These embryonic stages may accordingly be explained by comparing them
with the mature stages of lower organisms, since we regard them as forms
inherited from ancestors belonging to such lower stages"[382] (p. 6).

It is worth noting that in Gegenbaur's opinion comparative anatomy was
prior in importance to embryology, that embryology could hardly exist as
an independent science, since it must seek the interpretation of its
facts always in the facts of comparative anatomy (_Grundzuege_, pp. 7-8).

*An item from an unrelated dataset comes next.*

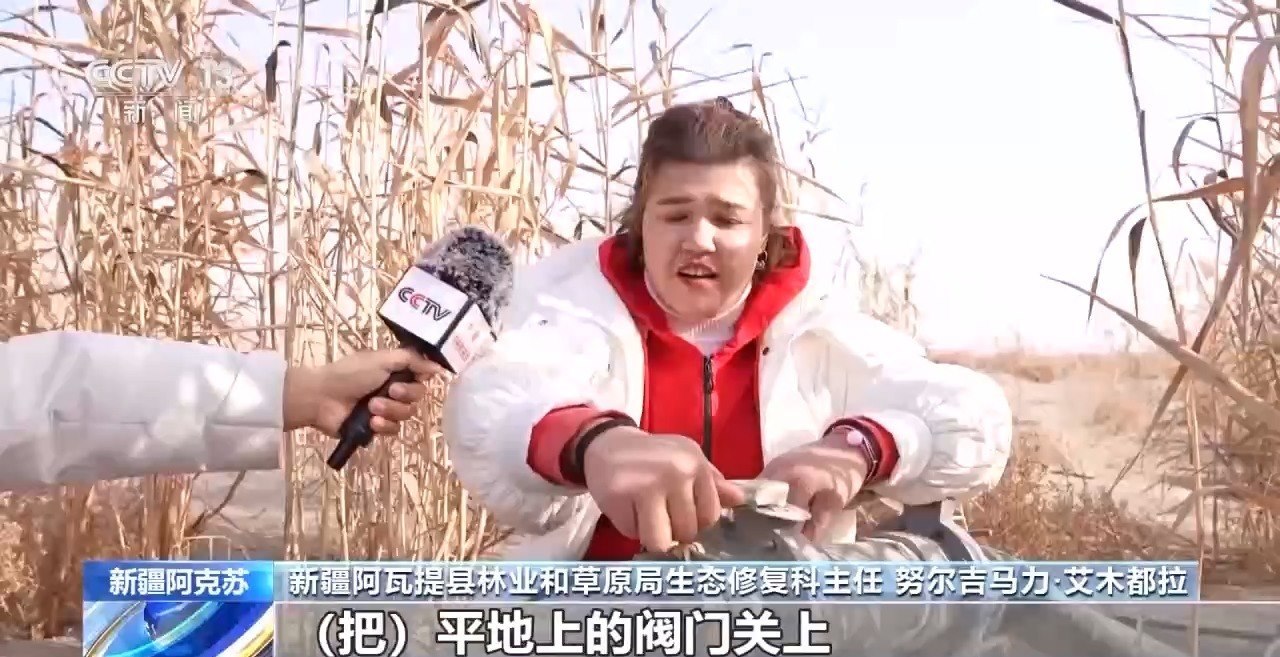 新疆阿瓦提縣林業(yè)和草原局生態(tài)修復(fù)科主任 努爾吉馬力·艾木都拉:把平地上的閥門關(guān)上,然后把全部壓力給到高處沙包上的滴灌管道。再生水來了,水源充足以后,現(xiàn)在成活率達到75%以上了。
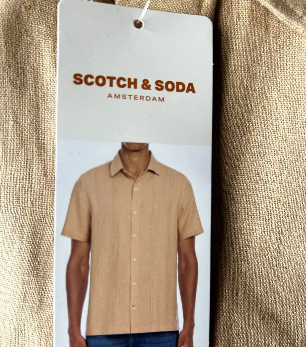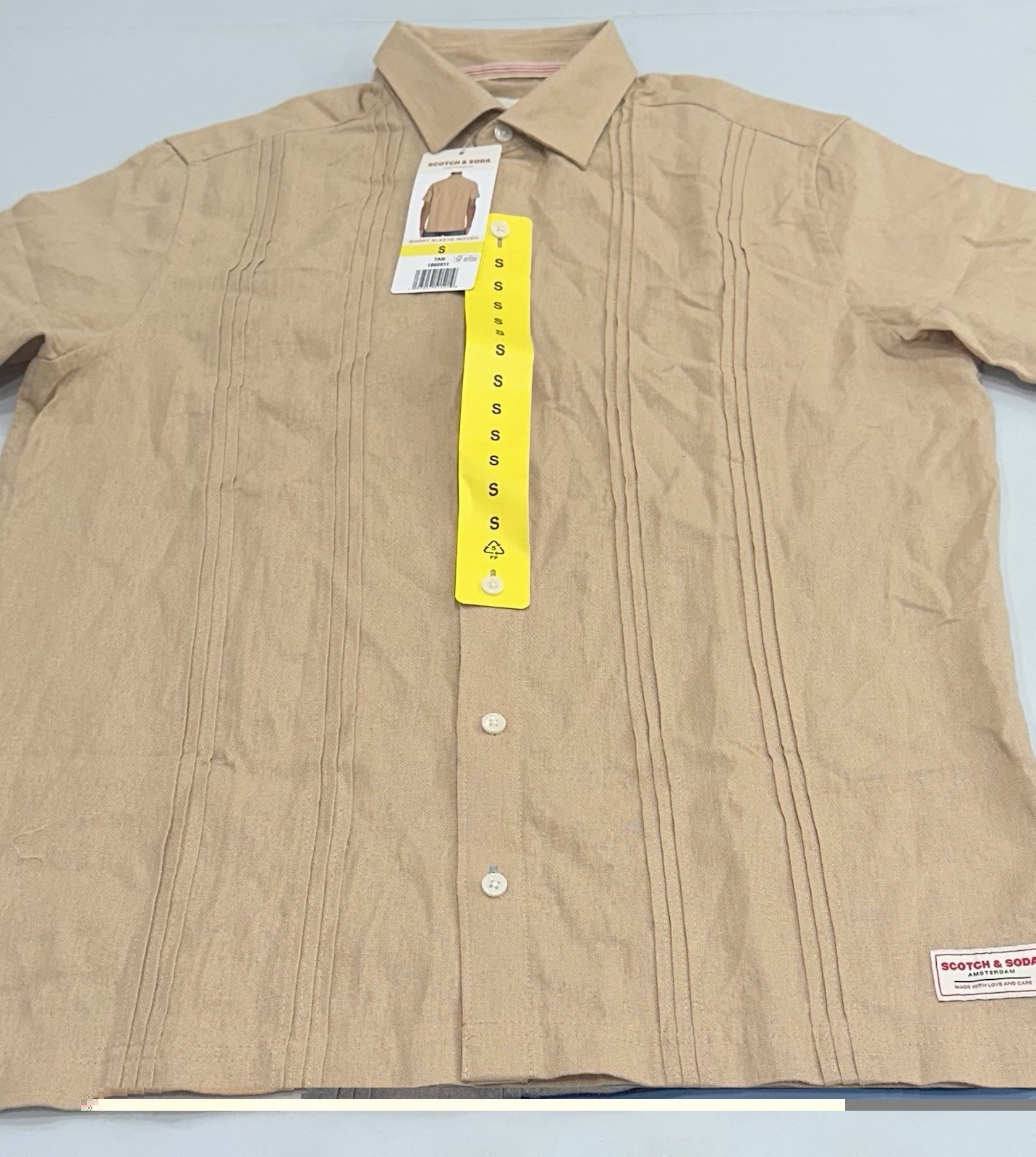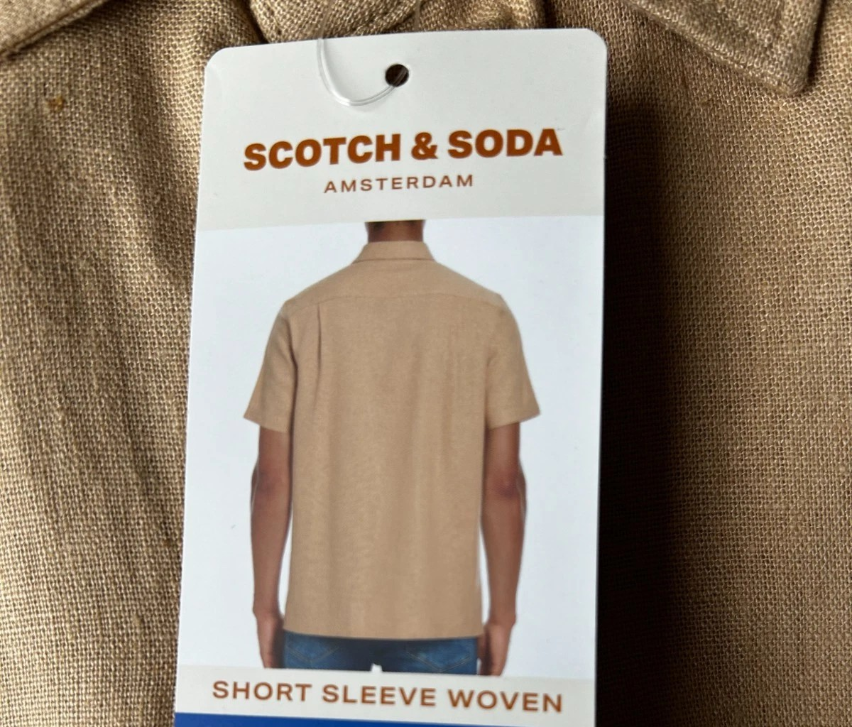 Scotch & Soda Men's Linen Blend Short Sleeve Woven Shirt Size: Small Color: Tan Content: 55% Linen / 45% Viscose

While Gegenbaur was at one with all "pure" morphologists, whether
evolutionary or pre-evolutionary, in minimising as far as possible the
importance of function in the study of form, he was too cautious and
sober a thinker not to recognise the immense part which function really
plays. Thus he classified organs, according to their function, into
those that established relations with the external world and those that
had to do with nutrition and reproduction, very much as Bichat had done
before him.

Like Darwin, Haeckel and most evolutionists, he interpreted the
homological resemblances of animals as being due to heredity, their
differences as due to adaptation,[383] but he did not adopt Haeckel's
crude and shallow definition of these terms. For Gegenbaur heredity was
a convenient expression for the fact of transmission, and was not
explained offhand as the mere mechanical result of a certain material
structure handed down from germ to germ. Adaptation he defined in a way
which took the fullest account of function, and was as far as possible
removed from Haeckel's definition of it as the direct mechanical effect
of the environment upon the organism. "The organism is altered," writes
Gegenbaur, "according to the conditions which influence it. The
consequent _Adaptations_ are to be regarded as gradual, but steadily
progressive, changes in the organisation, which are striven after during
the individual life of the organism, preserved by transmission in a
series of generations, and further developed by means of natural
selection. What has been gained by the ancestor becomes the heritage of
the descendant. Adaptation and Transmission are thus alternately
effective, the former representing the modifying, the latter the
conservative principle.... Adaptation is commenced by a change in the
function of organs, so that the _physiological relations_ of organs play
the most important part in it. Since adaptation is merely the material
expression of this change of function, the modification of the function
as much as its expression is to be regarded as a gradual process. In
Adaptation, the closest connection between the function and the
structure of an organ is thus indicated. Physiological functions govern,
in a certain sense, structure; and so far what is morphological is
subordinated to what is physiological" (_Elements_, pp. 8-9). Gegenbaur
recognised also that morphological differentiation depended largely on
the physiological division of labour (_Grundzuege_, p. 49).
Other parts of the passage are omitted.